The following chapters focus on the rights, entitlements and obligations of employees in Victoria. These derive from a wide range of sources, including statutes, awards, collective agreements, individual agreements and the common law.
The most significant statute affecting employment conditions in Australia is the federal Fair Work Act 2009 (Cth) (“FW Act”). The FW Act sets out:
•sets out most of the rights and duties of employees and employers;
•sets out the procedure for the negotiation and certification of federal agreements; and
•among other things, governs the affairs of federally registered unions (together with the Fair Work (Registered Organisations) Act 2009 (Cth)).
This chapter covers a range of topics related to employment conditions, with a particular focus on:
•the common law employment contract;
•workplace agreements and awards under the WRA and the FW Act;
•statutory and common law terms of employment.
The following chapter covers termination of employment, enforcement of entitlements and bullying at work.
Interrelationship between statute, statutory agreements and common law contracts
Terms and conditions of employment contained in legislation, awards or statutory agreements are generally minimum terms and conditions. This means that the parties can agree by contract to, for example, pay more than the minimum for any one or more entitlements in the statute, award or statutory agreement.
A common law contract cannot provide for a lesser term than that contained in a statute, award or statutory agreement. The employer must provide the employee with at least every minimum term or condition in the statute, award or statutory agreement. It is no excuse if the employee was, overall, better off under the common law contract.
Contracts and statutory award and agreement terms and conditions exist side by side, with an employee being entitled to the most beneficial term that applies. For example, the ordinary hours pay in a contract may be the most beneficial term for the employee’s ordinary hours of work, but the award overtime condition may be the most beneficial for overtime work. In those circumstances, the employee is legally entitled to the contractual term for ordinary time work and the award term for overtime work.
Prior to 1992, terms and conditions for employees were largely regulated through state and federal awards made by industrial tribunals (i.e. the Australian Industrial Relations Commission (AIRC)). Employees had to receive, at a minimum, all the terms and conditions in the relevant award. A common law contract for a lesser term or condition than contained in the award would not override the award term or condition.
Federal awards were created as a result of the settlement of interstate industrial disputes.
In 1992 the Victorian Government abolished state awards and created a system of a limited number of minimum statutory entitlements, with all other terms and conditions having to be negotiated between employers and employees. These changes led to unions seeking federal awards to cover employees formerly covered by Victorian state awards and eventually led to the Victorian Government referring certain industrial relations powers to the Commonwealth Parliament.

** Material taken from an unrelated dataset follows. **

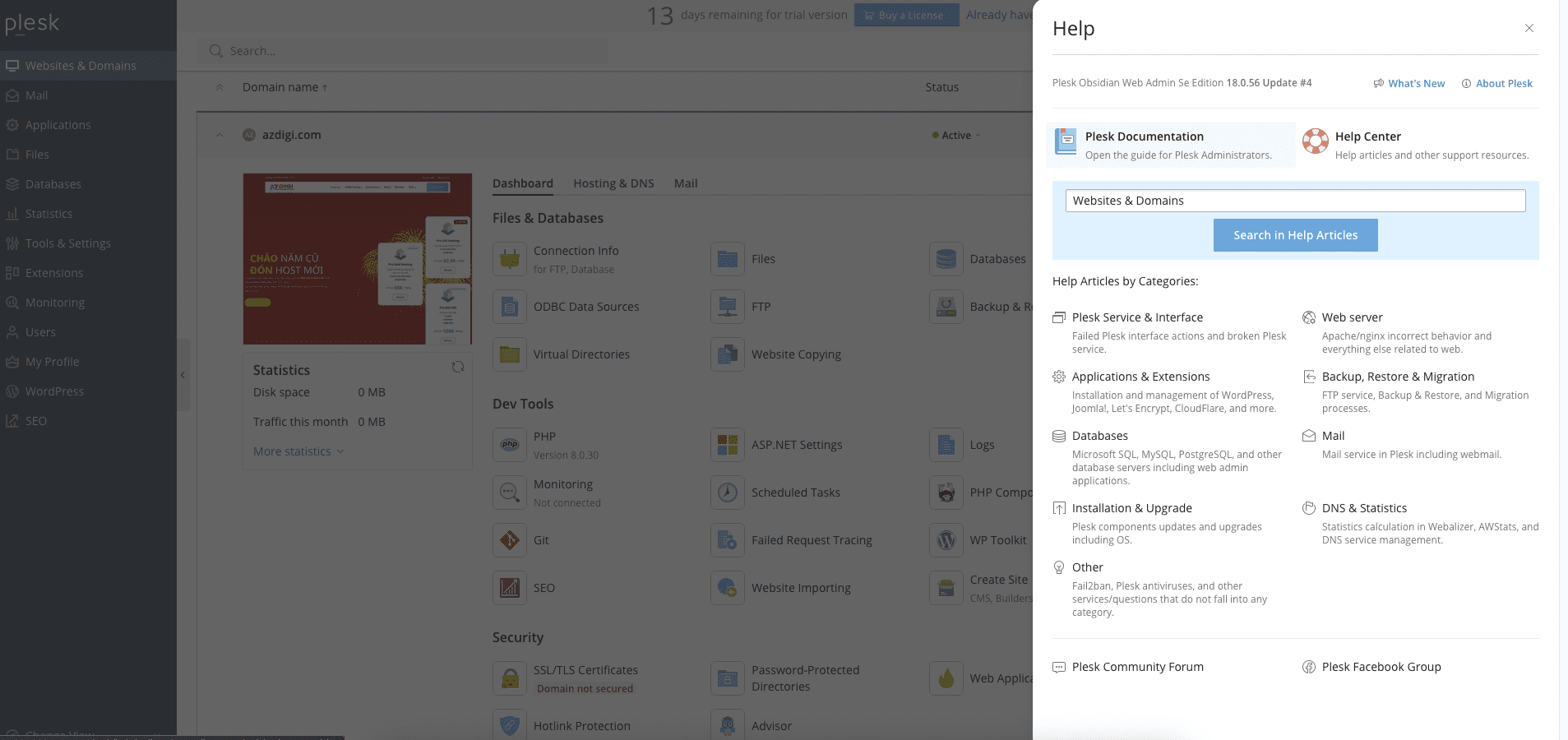 - Tài Nguyên Hướng Dẫn: Cung cấp tài liệu hướng dẫn và hỗ trợ trực tuyến để giúp người dùng giải quyết vấn đề và tận dụng đầy đủ tính năng của Plesk.

In 1993 the federal government introduced collective bargaining to the federal system as a mechanism to modify terms and conditions applying to employees in particular workplaces. The objective was to increase the productivity of the business and the potential for employees to gain additional benefits by the creation of a more flexible system of industrial regulation. The bargaining system included a requirement that employees who were to be subject to statutory agreements be at “no disadvantage” overall when their enterprise agreement terms and conditions were compared to the terms and conditions in the underlying award.
In 1996 the federal government introduced the Workplace Relations Act 1996 (Cth) (“WRA”). This Act introduced statutory individual agreements (Australian Workplace Agreements, or AWAs), reduced the involvement of unions in a range of areas and limited the range of matters that could be included in a federal award.
In 2004 an agreement was reached between the federal government and the Victorian Government for the Victorian Government to refer much of its industrial relations powers to the federal parliament. This enabled the AIRC to make federal awards that could apply to all Victorian workers in industries specified in those awards. Victorian employers did not need to be party to an interstate dispute to be covered by a federal award.
The WRA was substantially amended in 2005, largely taking effect on 27 March 2006 (the “Work Choices” amendments). The WRA was mostly repealed and replaced by the Fair Work Act 2009 (Cth); The majority of this Act commenced operation on 1 July 2009.
While most states in Australia have retained their own workplace legislation for state public sector and local government employees, in Victoria the government referred its power to deal with industrial matters to the federal parliament by way of the Commonwealth Powers (Industrial Relations) Act 1996 (Vic). Most Victorian employers and employees were covered by the WRA. The Victorian Government referred the power necessary for the FW Act to cover all private and public sector employees and employers in Victoria.
Other legislation also affects working conditions in Victoria, such as the Commonwealth Sex Discrimination Act 1984, Racial Discrimination Act 1975 and Disability Discrimination Act 1992, and the Victorian Equal Opportunity Act 2010, Long Service Leave Act 1992 and Occupational Health and Safety Act 2004.